If you’ve already built up a following in a certain market, than it might be time to expand beyond that market.

Generally, artists go on tour to help support and market a recent album release or sometimes even a single that might be getting massive traction on the radio or streaming platforms. This way, existing fans get to see you perform live after they’ve already listened to your new music, and new fans get to discover you from attending shows in their hometowns with their friends.

Let’s say at this point:

A) You’ve already built up a following in your town/city, and now you’re ready to perform in surrounding cities.


B) You’ve built up a following throughout your home Province/State, and now you’re ready to perform in surrounding Provinces/States.

It’s often important to play your local markets first, and then make your way around your country – but for some artists it ends up working out better for them to tour another country, gain a reputation there, and then back home. This one depends on your genre, where your fans are, and what cultures and markets tend to pick up your vibes.

Nonetheless, this “local” following is gauged by the amount of tickets you sell at the live shows you’ve already been performing. But it can also be proven by checking your online statistics. Check Facebook, Spotify, Google Analytics, and any other kind of geographical stats you can find about your fans. Once you’re aware that you have fans in surrounding markets, than it might be time to book yourself a tour!

Who Books The Tour

When you have a booking agent, they book the tour with the guidance and approval of the manager and artist. When you don’t have an agent, the manager books the tour with the guidance and approval of the artist. And when you don’t have a manager, the artist books the tour themselves. All of this also depends on the relationships between the three parties. Sometimes artists are very hands on, and sometimes they aren’t. It’s up to you how you develop the working relationships with your team.

How To Book Your Tour

Step 1: Search for Venues and Promoters

Firstly, don’t try to re-invent the wheel. There are many artists and bands before you that have done exactly what you’re trying to do. Take advantage of that. I’m sure you’re aware of other artists that can relate to your sound, yes? Check out where they’ve toured/performed recently to get an idea of which venues would work for your sound. Bandsintown is a great place to start. Check the routing for your sound-alike artists on their Bandsintown accounts. If you can’t find much info from other bands routes get to work on Google.

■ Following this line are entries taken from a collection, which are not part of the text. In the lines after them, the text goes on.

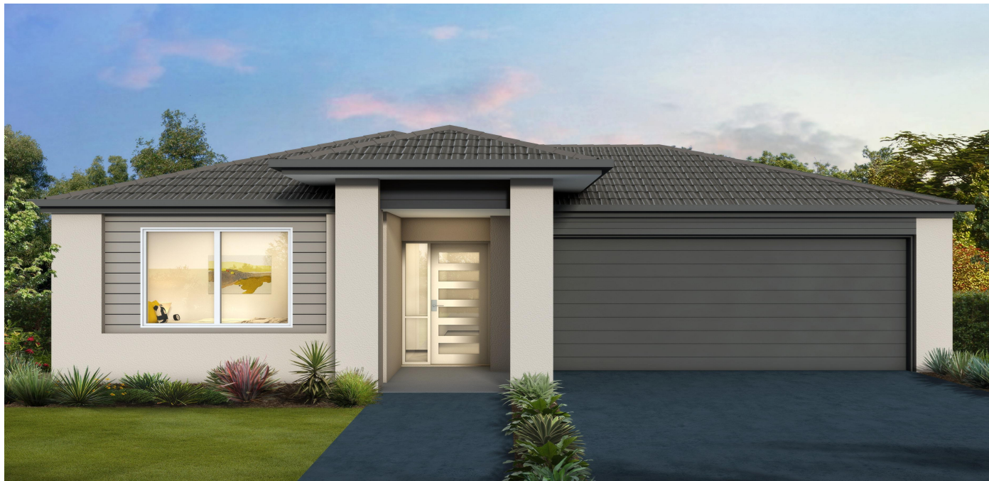
Plans override the source image as these are an artist impression only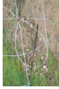
Snares set in fence line near badger sett, Brudenham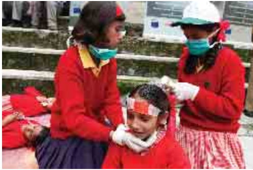
Students being given first aid after safe evacuation from the classroom during a school mock drill.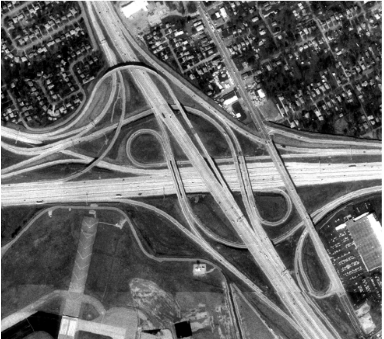
Figure 2: Example of the Challenges of Coding Ramp Information

Below is the system KYTC has developed to uniquely code each road segment within an interchange. ( See http://www.kytc.state.ky.us/planning/gisourky/images/pdf/gps/ramps.pdf for a visual example )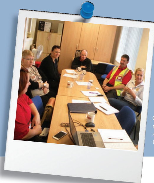
Customer Panel members made an official visit to Mears in May.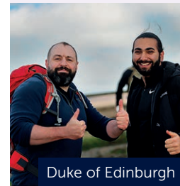
Duke of Edinburgh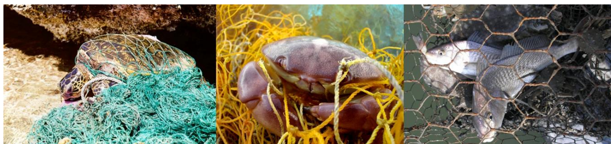
Figure 3. Trash Entanglement (NOAA Marine Debris Program 2013).

In addition to ingestion, entanglement can result when an animal becomes encircled or ensnared by trash. Entanglement can cause wounds and associated infections, strangulation or suffocation, and impair the ability of an animal to swim, fly, find food, and escape predators (Figure 3; U.S. EPA 1992). Once entangled, animals have trouble eating, breathing or moving, all of which can be fatal. Similar to the discussion on trash ingestion, the studies describing effects of trash entanglement in marine environments also apply to freshwater and estuarine environments since the impacts are the same, regardless of the aquatic habitat.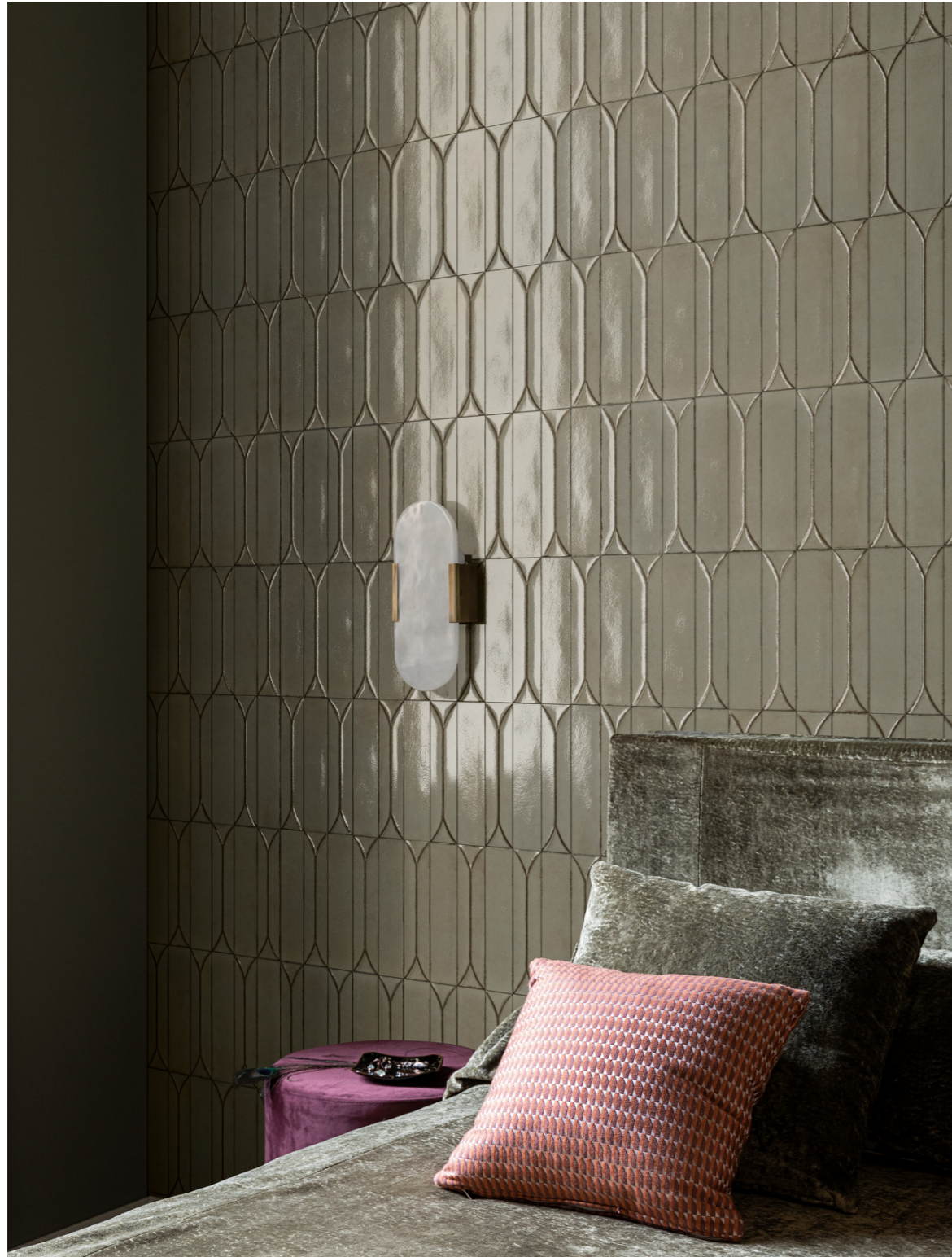
MPM4 Terramater Muschio Struttura 3D Losanga Lux 9x37cm MPLK Terramater Muschio Lux 9x37cm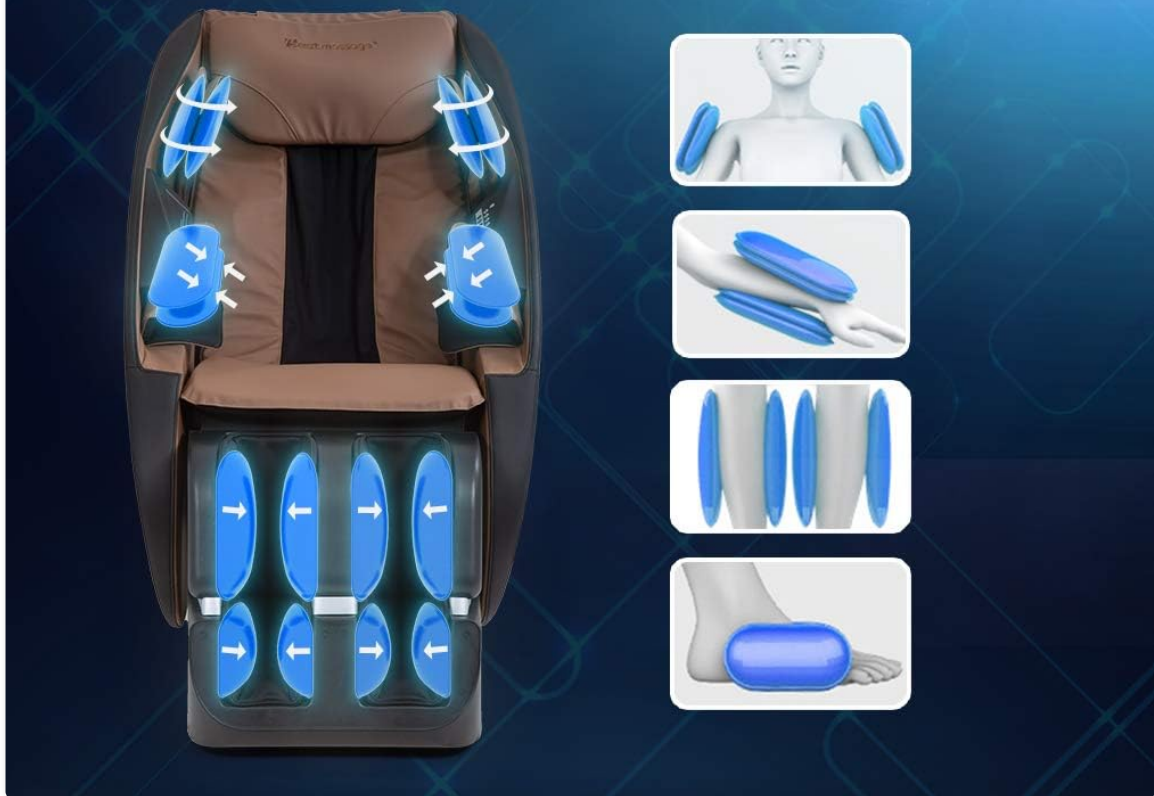
Image: A visual representation of the 8 massage points and 14 acupoint massagers integrated into the chair's backrest and footrest.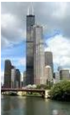
SEARS TOWER Land Assemblage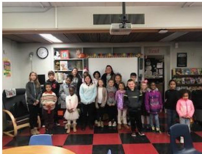
January Student of the Month / Principal Breakfast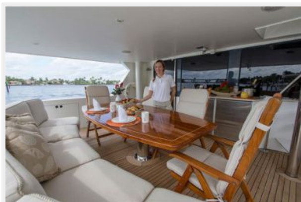
Aft Deck Al Fresco Dining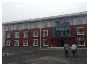
Pic.2 Main building:

The judging rooms and judge training rooms will be set at the main building (circle 1). The building is also used for daily office work by the sports centre. So the desks, chairs, televisions, DVDs, printers etc. are sufficient for competition use.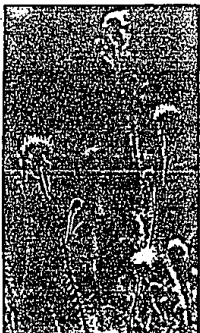
Thistles bloom along the River Trail in Heritage Park.

Although it contains no playground equipment, West Bloom-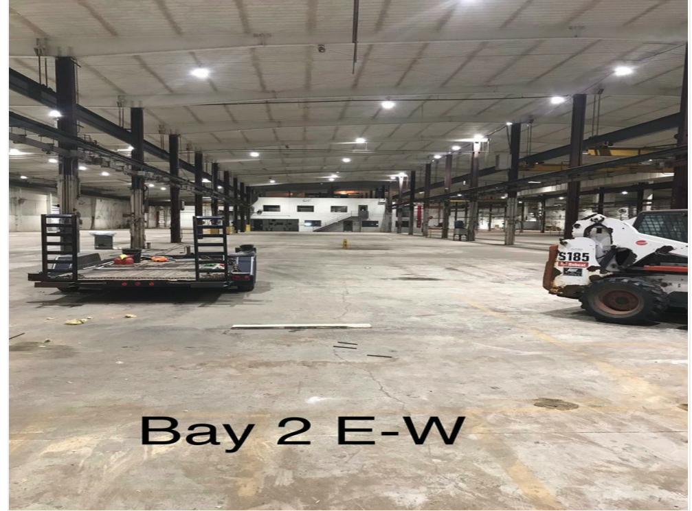
Bay #2 - with Office area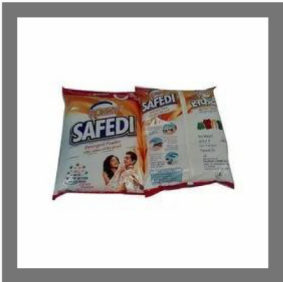
Ronny Safedi Detergent Powder

Create an excel sheet, unless you have a proper database system, and fill it with names, venues/promoters names, locations, emails, links to the contact forms from the website if no emails are given, and a list of ideal dates that you’d like to be in each location. If you don’t have their names right off the bat, be sure to add them into the document when they respond to your email. It’s important to remember people’s names in order to build a relationship with them. Get to know these people – talk to them on the phone, visit their venues and meet them in person, add them on LinkedIn, etc. Always remember this is a relationship business.

Promoters and Venues 101: Promoters are the people who hire your band for a show, and then promote it to their contacts/audiences in that area. Sometimes, the promoters own the venues, sometimes they rent them. If you’re not dealing with a promoter, you’ll be looking to deal with the venue bookers/buyers or venue owners.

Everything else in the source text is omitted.